Compared to what you thought you were going to get out of the show when you signed up, do you feel like it was worth it?

Oh, it was totally worth it. I made my friends laugh. I’m very interested in reality TV as a kind of source of conceptual art practice. There was already a history of artists going on television, like Salvador Dali on What’s My Line? I felt like there was a way, that there would be a door there and this was just kind of blowing it open. After doing this show, though, I feel like it hasn’t been so much the art world intervening in mainstream, but the other way around. The mainstream has intervened into the art world. It's made a little crack.

To move to talking about the episode: shock value has always been a primary part of your performance work. Since this challenge was so based on shock value, why do you think you didn't win?

Why do you think I didn’t win? You’re a smart girl.

I don’t really know.

Right, it was beautiful. Didn’t it look beautiful?

Yeah, it was great. Could you explain the piece in real time? In the edited version of the episode it seemed like you didn’t know how to describe it and that was sort of the main reason why you got kicked off.

You know, there’s a difference between not knowing and being in the process of discovering. There was a lot of stuff coming out of the work, there was a deep sadness. There was a kind of animal drive in there to build the work in a messy, kind of otherworldly way. Part of it was a comment on the limitations the show. I mean, how uninteresting is it to just make work that you know what it’s about and think thoughts that you understand. What about the things that we don’t understand? How do we get to those places? Those are things that I’m more interested in as an artist: the things that we don’t know, that we don’t understand, that we can’t comprehend, that we can’t quite put our finger on. That is a rich space for me. The week before Jerry had said something about how he wanted an artist that would fail flamboyantly. I think I was pretty flamboyant.

Is there anything else you’d like to viewers to know?

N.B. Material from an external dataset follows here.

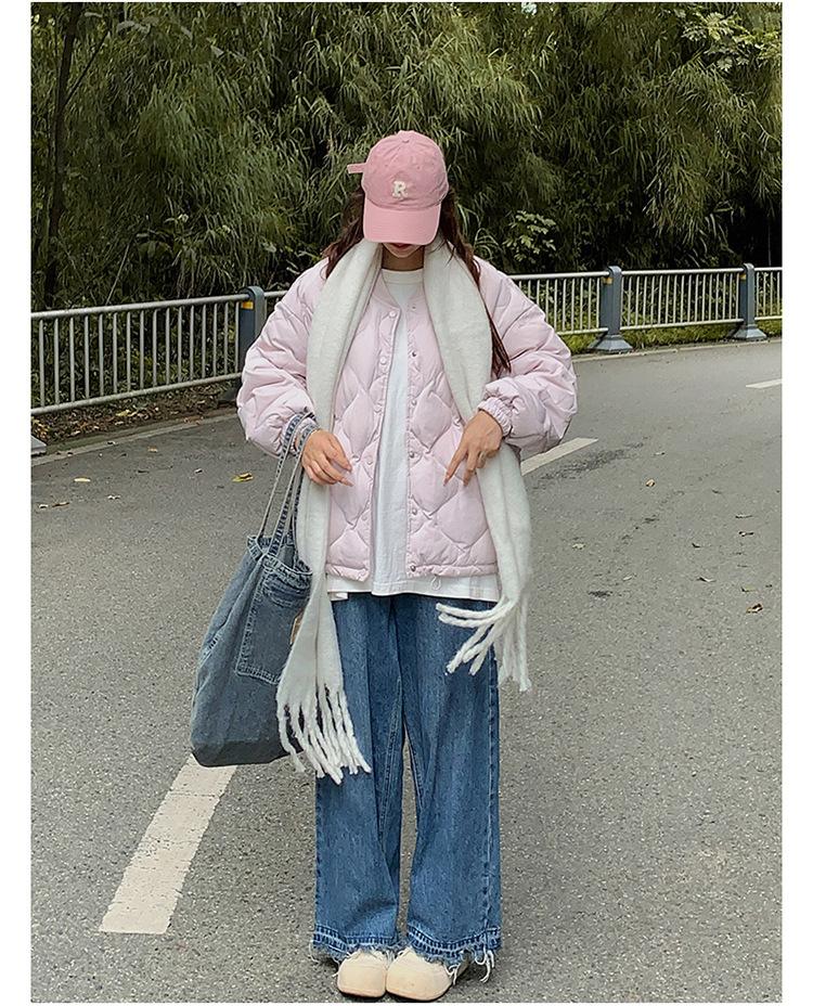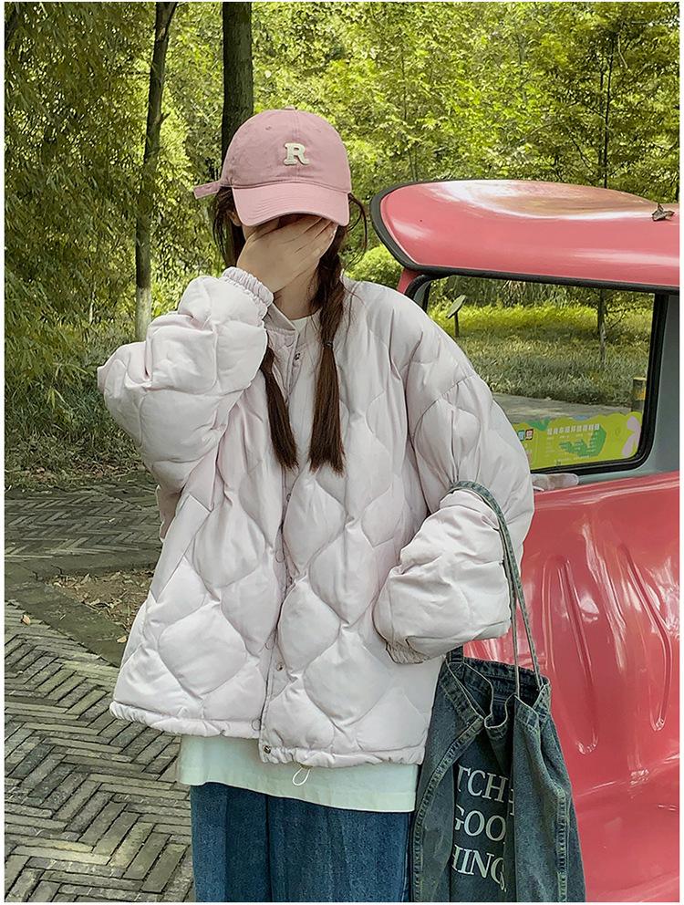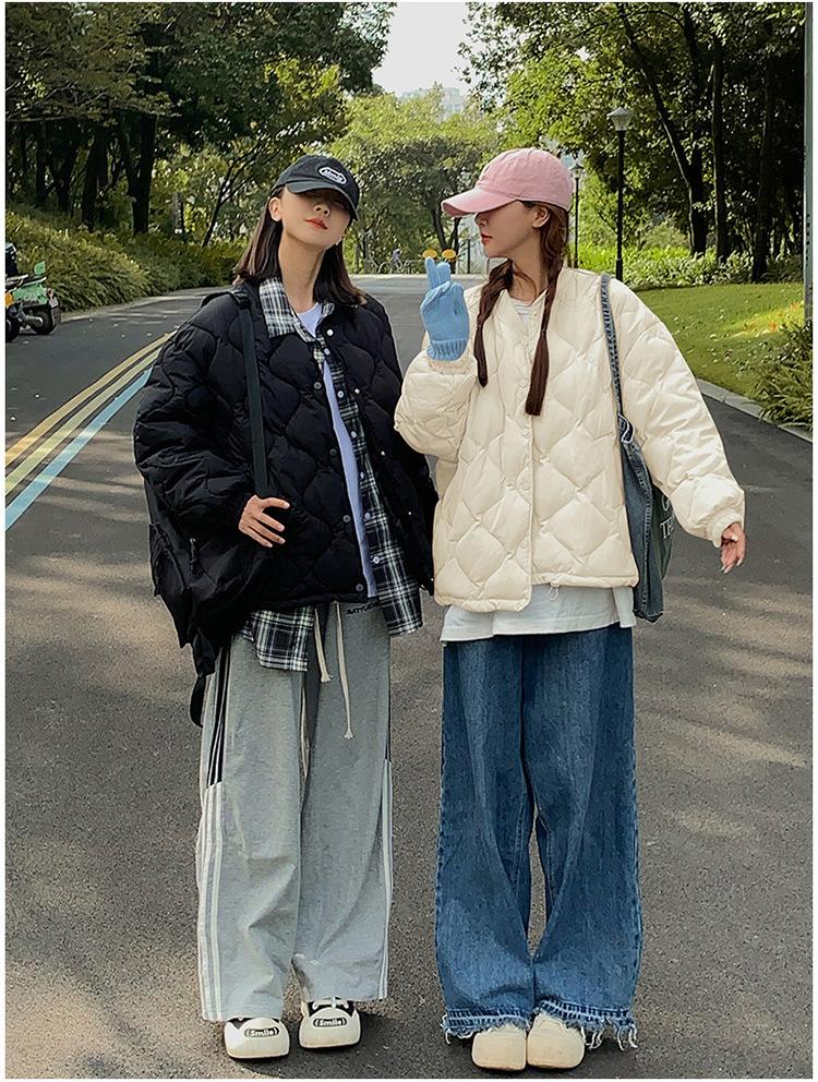 Foto Real de Chaqueta Acolchada de Algodón Bf Holgada Estilo Perezoso de Invierno 2024 para Mujer Chaqueta de Algodón Slim Oversize
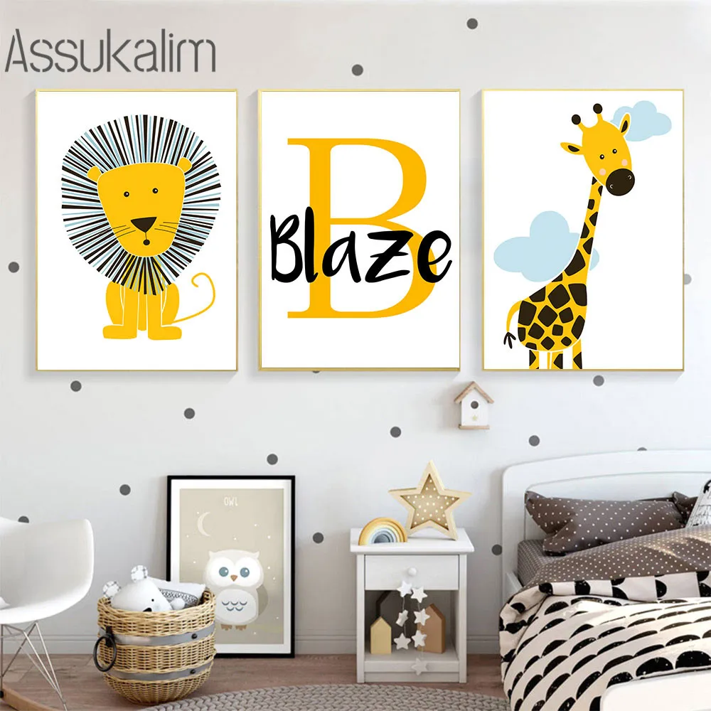 Плакаты на стену с изображением Льва, жирафа, пользовательского имени

I went on the show as a sort of social sculpture. I wanted to be an artist that engaged in processes that I didn’t know and that I didn’t understand. I wanted to model a kind of behavior for the people watching the show

What kind of behavior?

The behavior was this idea that you could engage any material, have a process around it, be creative, and have a product at the end. That was my strategy and my demise. I was glad I was able to stick with it.